Though this new procedure would put less pressure on both students and faculty, it will not change the thinking behind this chapter’s selection process, McCarty added.
“Many schools’ Phi Beta Kappa is determined solely by grade point average, and we have long felt that that is a narrow viewpoint,” McCarty said. “We want to look at academic excellence more broadly. The level of difficulty and the breath of academic experience that they show is more than a simple numerical calculation. We still preserve all of that in this process.”
Some seniors who are already members of the society said they support the idea of only announcing the new additions before Commencement.

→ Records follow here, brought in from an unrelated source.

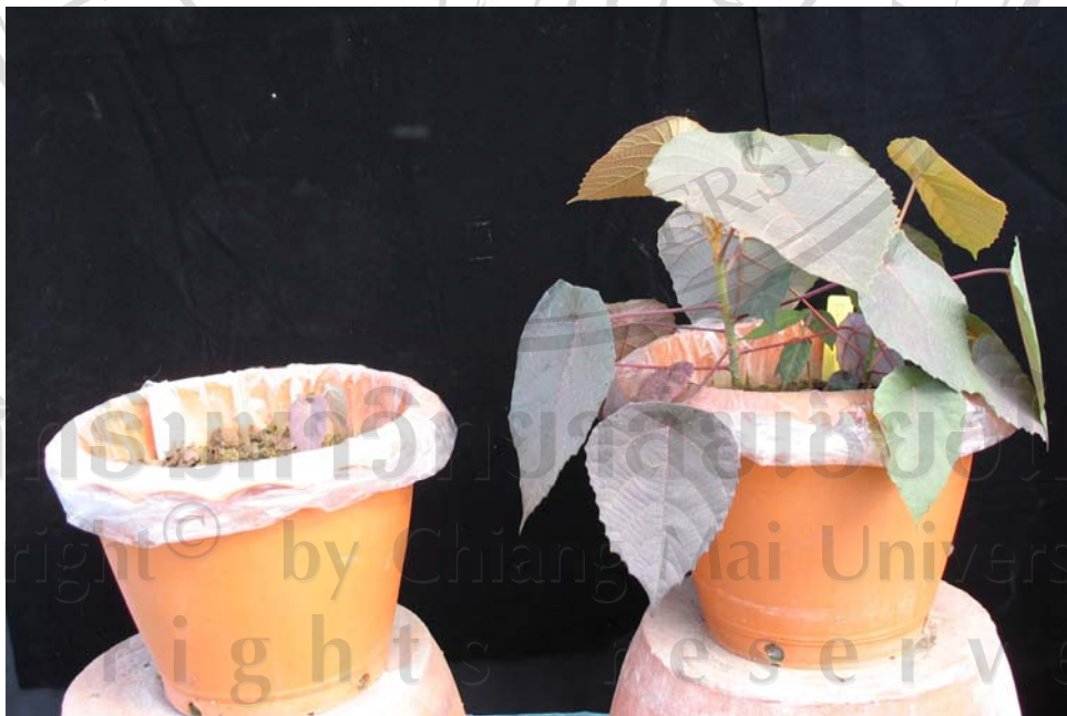
Figure 1.2 The response of Macaranga denticulata to AM fungi under pot conditions; without AM (left) and with AM fungi (right)

Plants associated with AM fungi generally have better nutritional status particular phosphorus and better growth than those that do not (Smith and Read, 1997). The benefits of AM fungi are well known, including enhanced uptake of water and soil nutrients such as N, K, Ca, Mg, Cu, Mn, Zn and especially P, a nutrient which is often depleted in rhizosphere soil solution (Marschner and Dell, 1994). The association between AM fungi and pada was studied by Youpensuk et al. (2003) who established it to be highly dependent on AM fungi as they strongly increased growth and nutrient contents especially when the soil phosphorus supply was limiting. Moreover, the AM fungi population in the farmer's field appears to be highly diverse, with 29 species in 6 genera being collected in one study (Youpensuk et al. , 2004).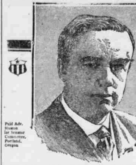
Pd Adv. House for Senator, Columbia, Oregon.

You Don't Buy TRUCKS every day be sure to ask about the White—The Vale Trading Co. can give you reliable data, telling you why the White is the Truck that will do your hardest work with the least expense. 4f.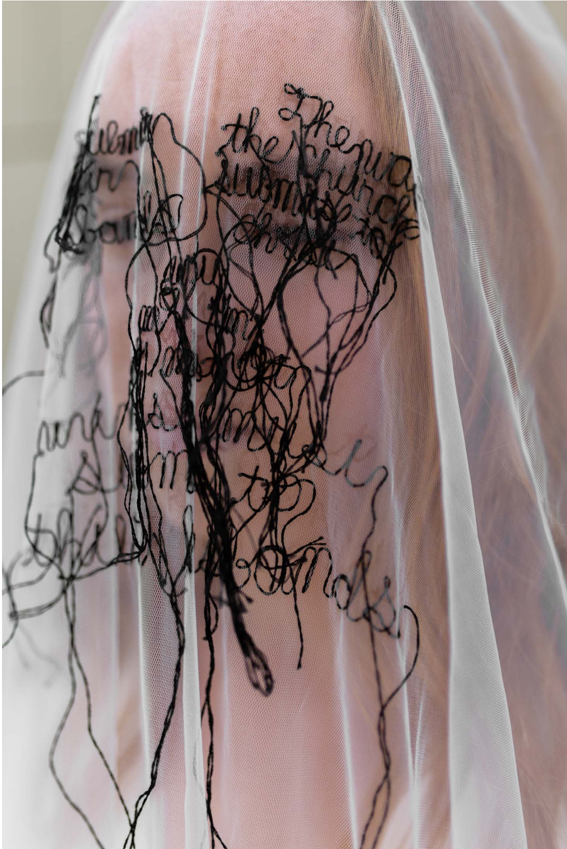
Figure 14: Huptassomai (detail)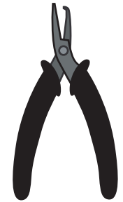
Split Ring Pliers

Place the "L" in between the rings to open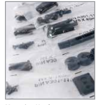
Mounting Hardware Complete set of mounting hardware, labeled for ease of use and ready to go.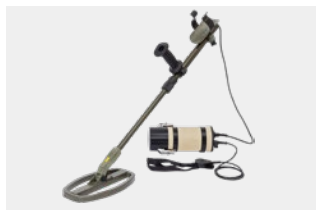
Metal Detector MW1630B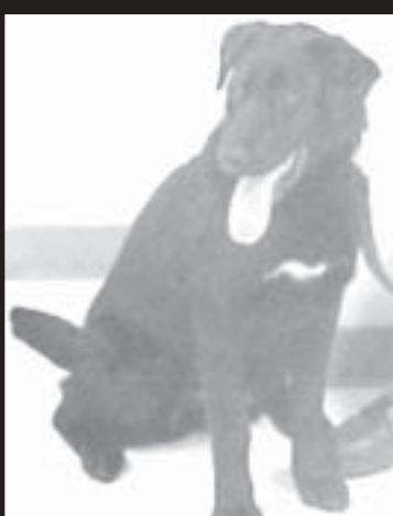
"Bear"—1-2 year old female Black Lab Mix

For more information contact Linda Terrell, 877-5219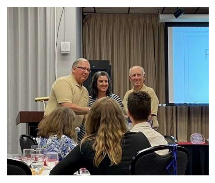
And here is the Meet Registrar and Trusty Sidekick winning an Award (think it was second place in the Hotel Rally?) - full list of winners in next Marque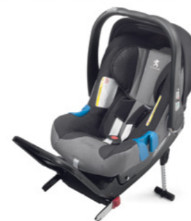
Römer Baby Safe + Group 0+ Ref. No.: 1608847480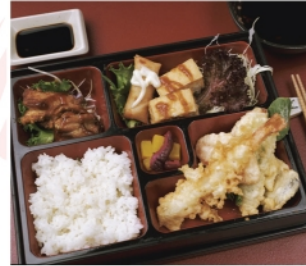
12. TEMPURA BENTO $11.80 assorted tempura chicken karage, tofu, harumaki served in traditional Japanese meal box with one bowl of free miso soup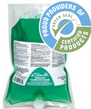
78129-00 Clario™ Green Earth® Foaming Skin Cleanser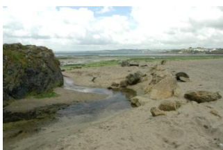
Stream on the easterly side

It is a very large beach with the strip of fine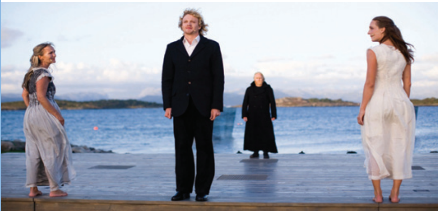
The City Harbour Actors from the Stavanger2008 play Fairytales in Landscape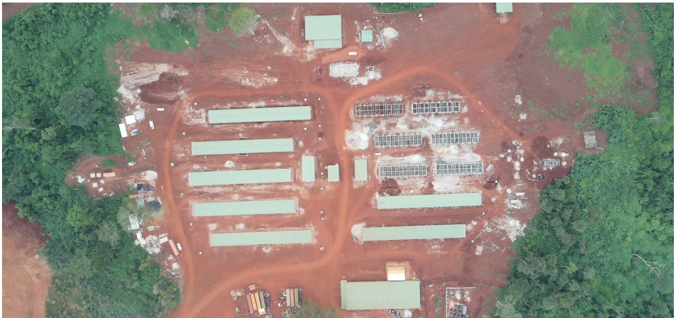
Figure 7: Overview of accommodation rooms and cafeteria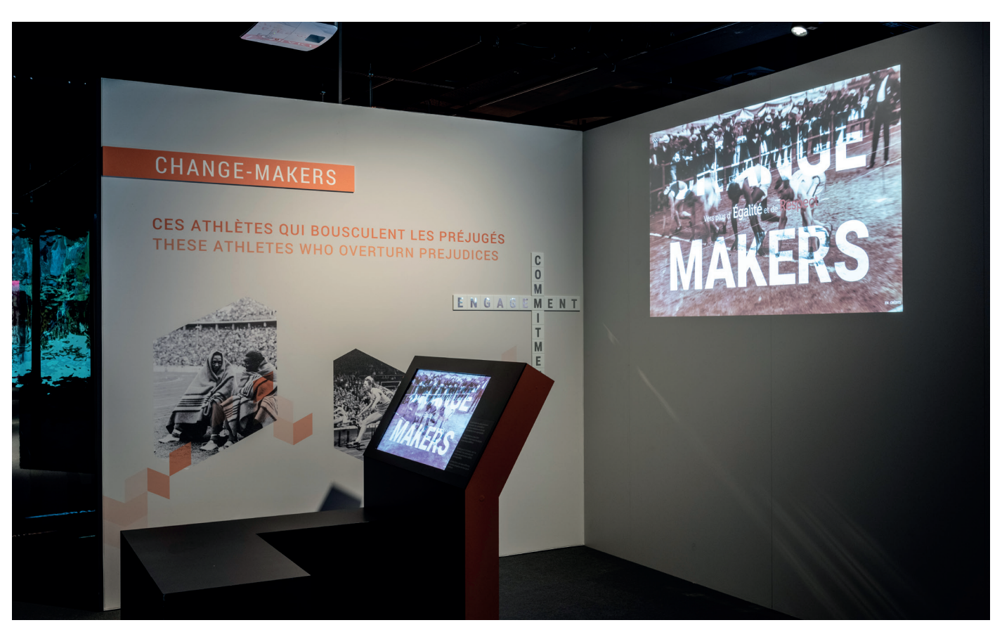
TOGETHER – CHANGE-MAKERS: An interactive feature with information on athletes who have made an impact in an area relating to equality or respect.

“I think it’s a positive thing not to let down half the people who are nominated,” said Anthony C. Speare ’10, a sociology concentrator and a marshall for the society.
As it currently stands, once undergraduates are elected, they may choose to partake in deliberations for future rounds of selection.
Under the new guidelines, however, students will not be able to participate in deliberations for senior spring elections.
Daniel M. Bear ’10, a molecular and cellular biology concentrator in Adams House, said he feels that there is not much difference in being able to make the decisions.
“It’s nice to be a part of the deliberations,” Bear said. “[But] both of those groups are extremely accomplished groups of students, and [it’s] an extremely high honor to be in each of those groups. It’s a tremendous honor to be elected no matter what.”